#### Data provided:

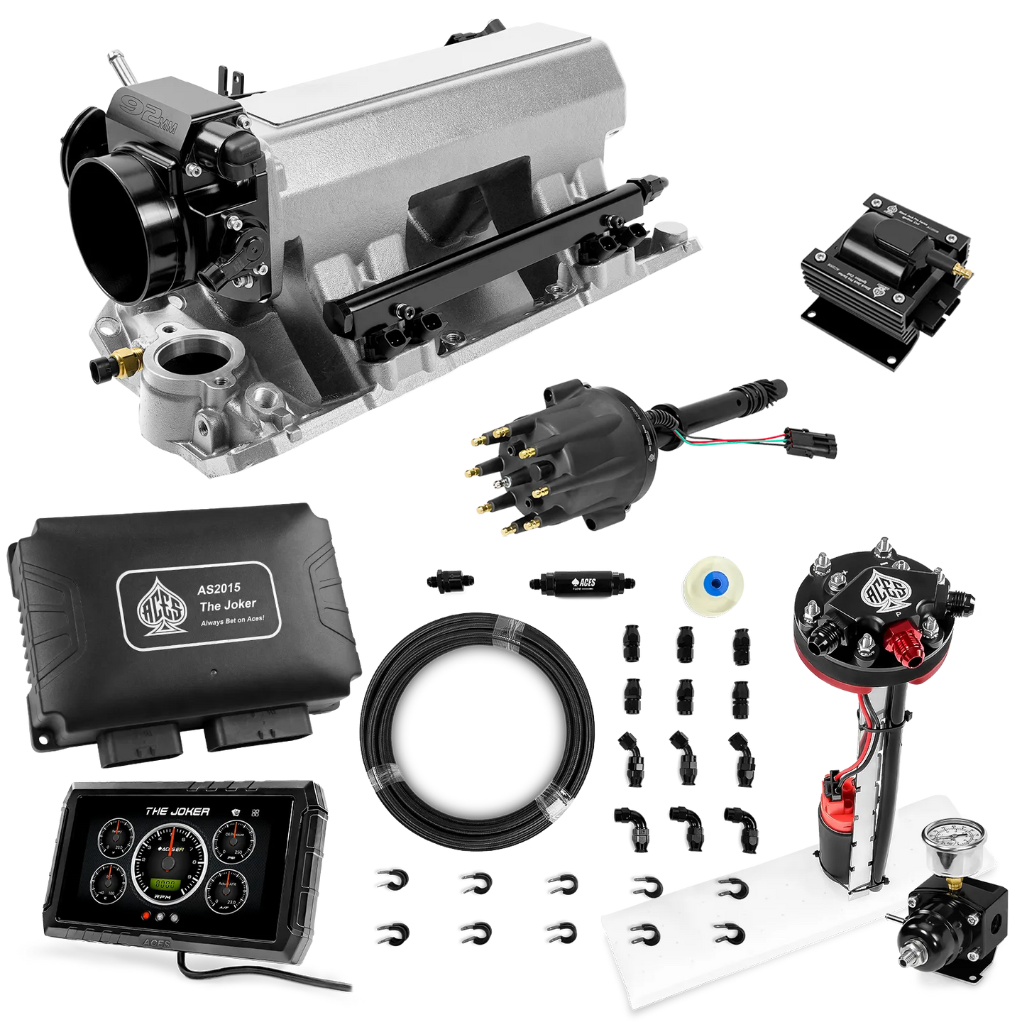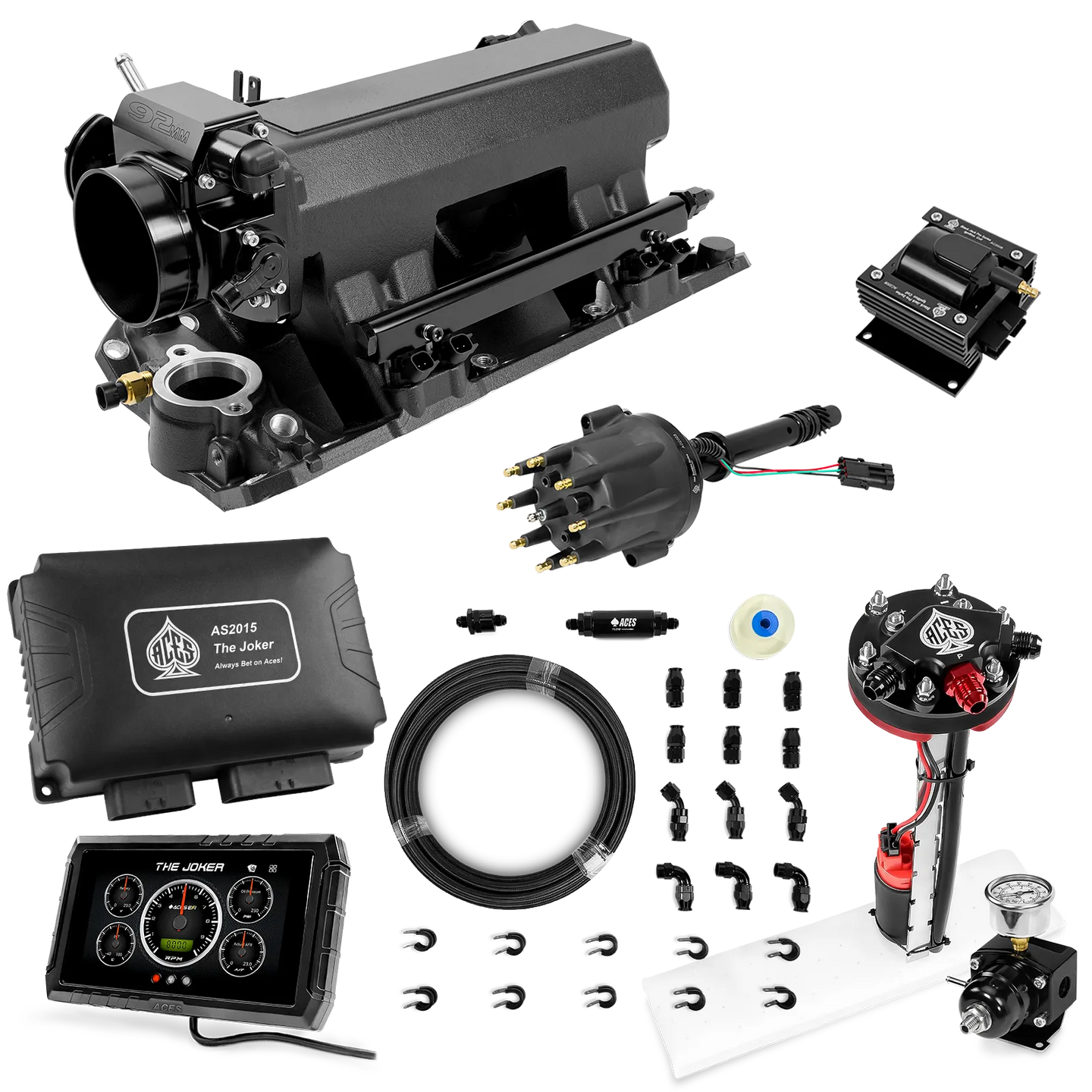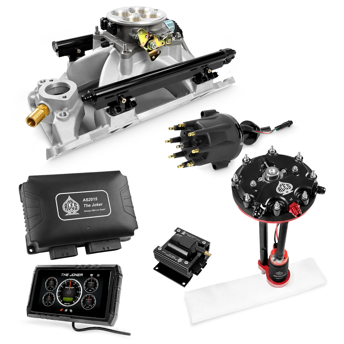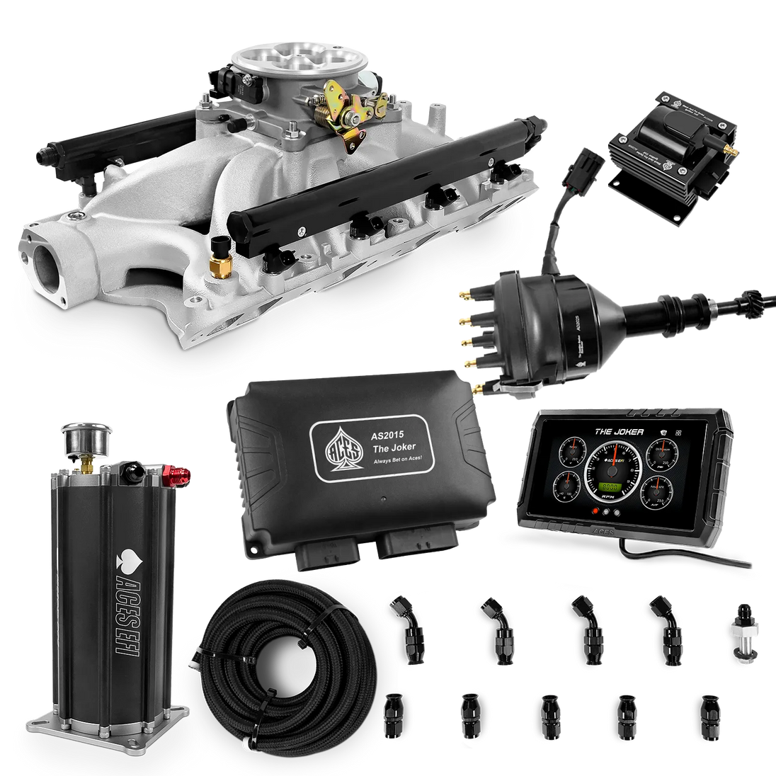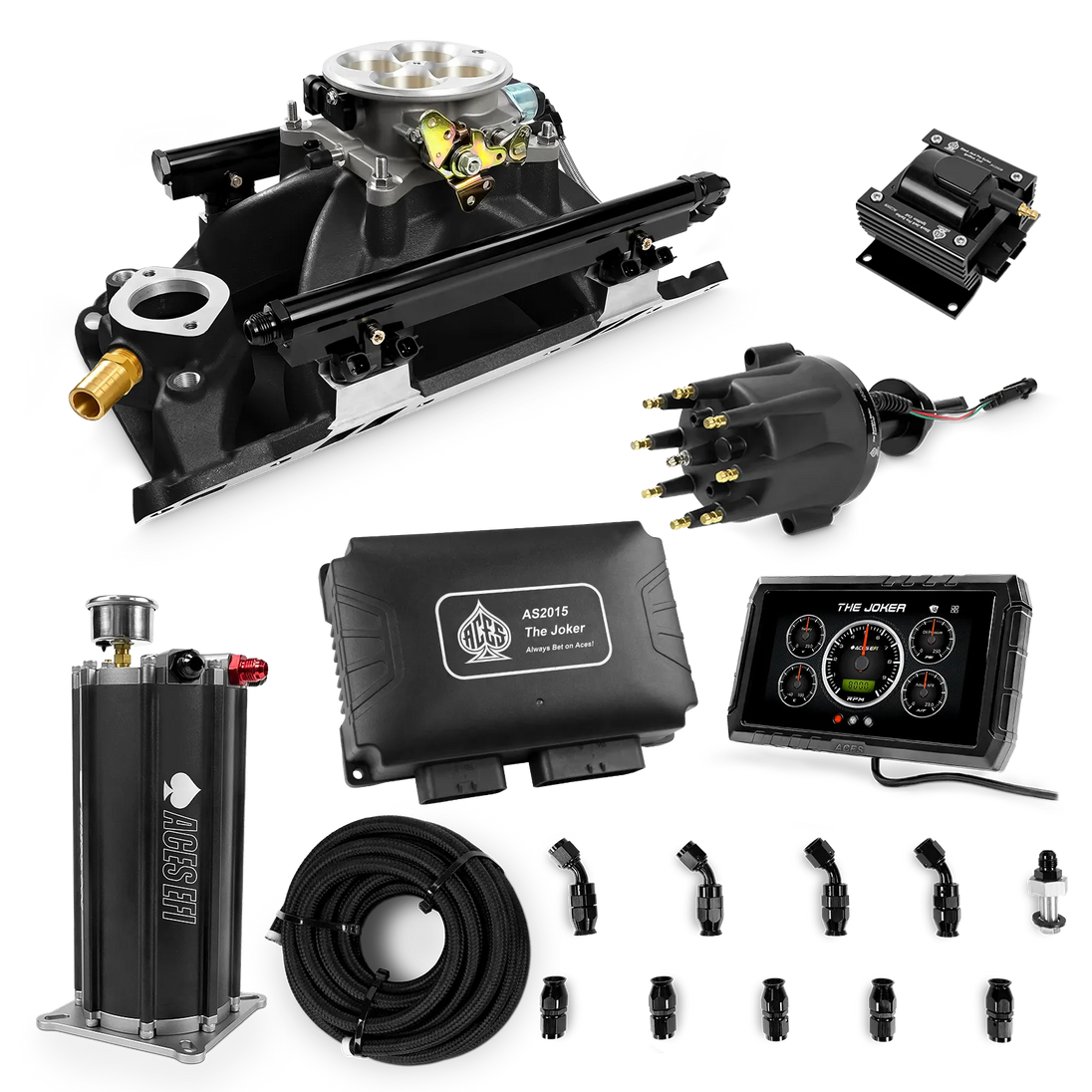 Take your high-performance or boosted V8 to the next level with ACES EFI’s Joker EFI/CDI—the most powerful Multi-Port EFI system on the market! The Joker is the only EFI system that integrates a Digital Capacitive Discharge Ignition (DCDI) system inside the ECU, delivering unmatched spark energy, precision, and control. Whether you're running high compression, forced induction, or aggressive racing setups, the Joker’s high-voltage CDI system ensures maximum power and efficiency.
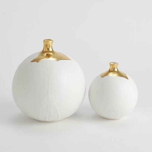 Dipped Golden Crackle/White Sphere Vase
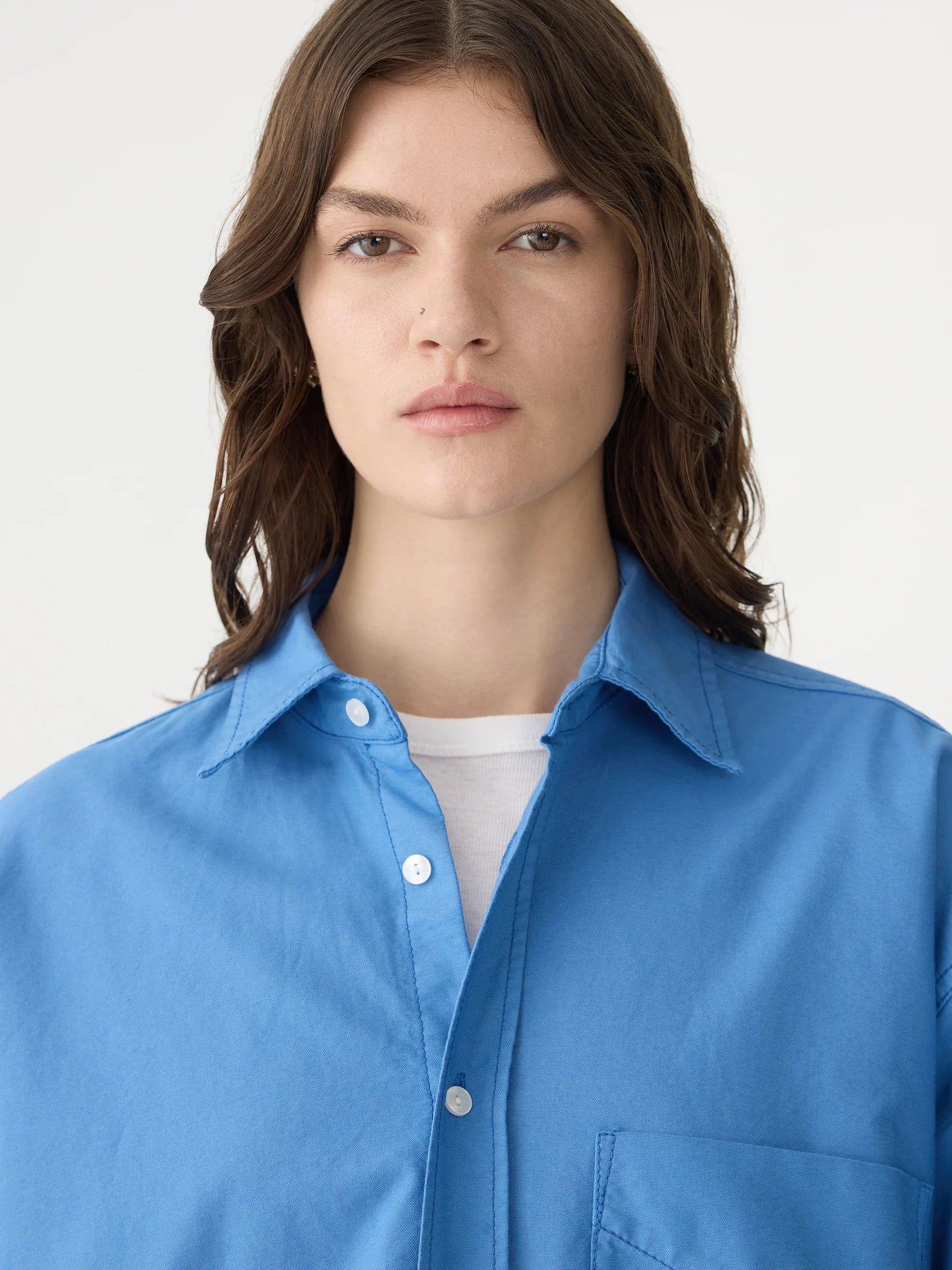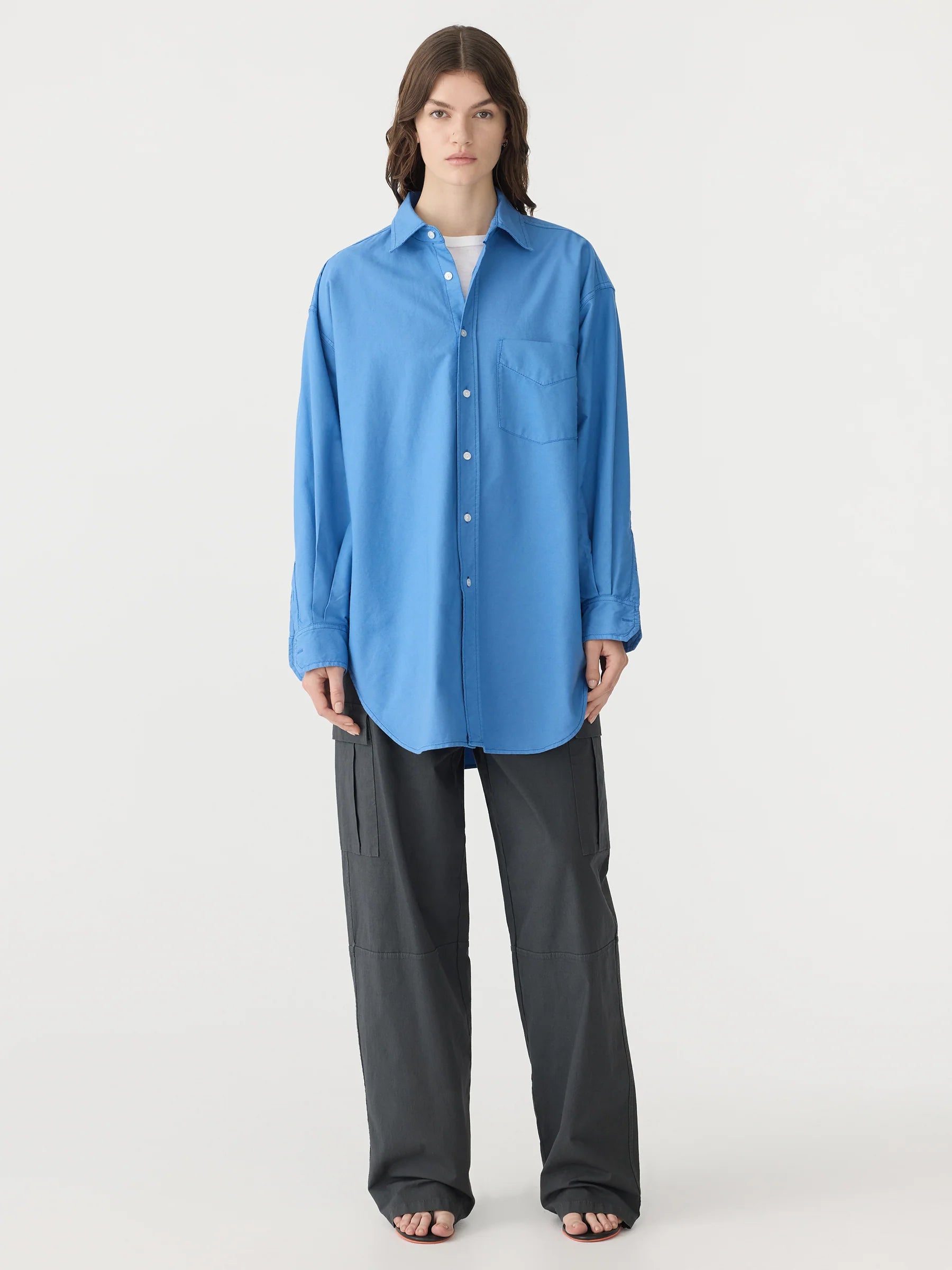 Crafted from pinpoint oxford in a yarn-dyed basket weave, the Oversized Pinpoint Shirt is made from lightweight, wrinkle-resistant cotton for a refined yet effortless look. Designed for an oversized, slouchy fit, this elevated essential features a front patch pocket, scooped hem and front buttoned closure. Finished with signature topstitching and contrast back neck chainstitch.

#### Try it:
Are you able to set down all the lines above exactly, without any pictures?

#### Response to the task:
 Take your high-performance or boosted V8 to the next level with ACES EFI’s Joker EFI/CDI—the most powerful Multi-Port EFI system on the market! The Joker is the only EFI system that integrates a Digital Capacitive Discharge Ignition (DCDI) system inside the ECU, delivering unmatched spark energy, precision, and control. Whether you're running high compression, forced induction, or aggressive racing setups, the Joker’s high-voltage CDI system ensures maximum power and efficiency.
 Dipped Golden Crackle/White Sphere Vase
 Crafted from pinpoint oxford in a yarn-dyed basket weave, the Oversized Pinpoint Shirt is made from lightweight, wrinkle-resistant cotton for a refined yet effortless look. Designed for an oversized, slouchy fit, this elevated essential features a front patch pocket, scooped hem and front buttoned closure. Finished with signature topstitching and contrast back neck chainstitch.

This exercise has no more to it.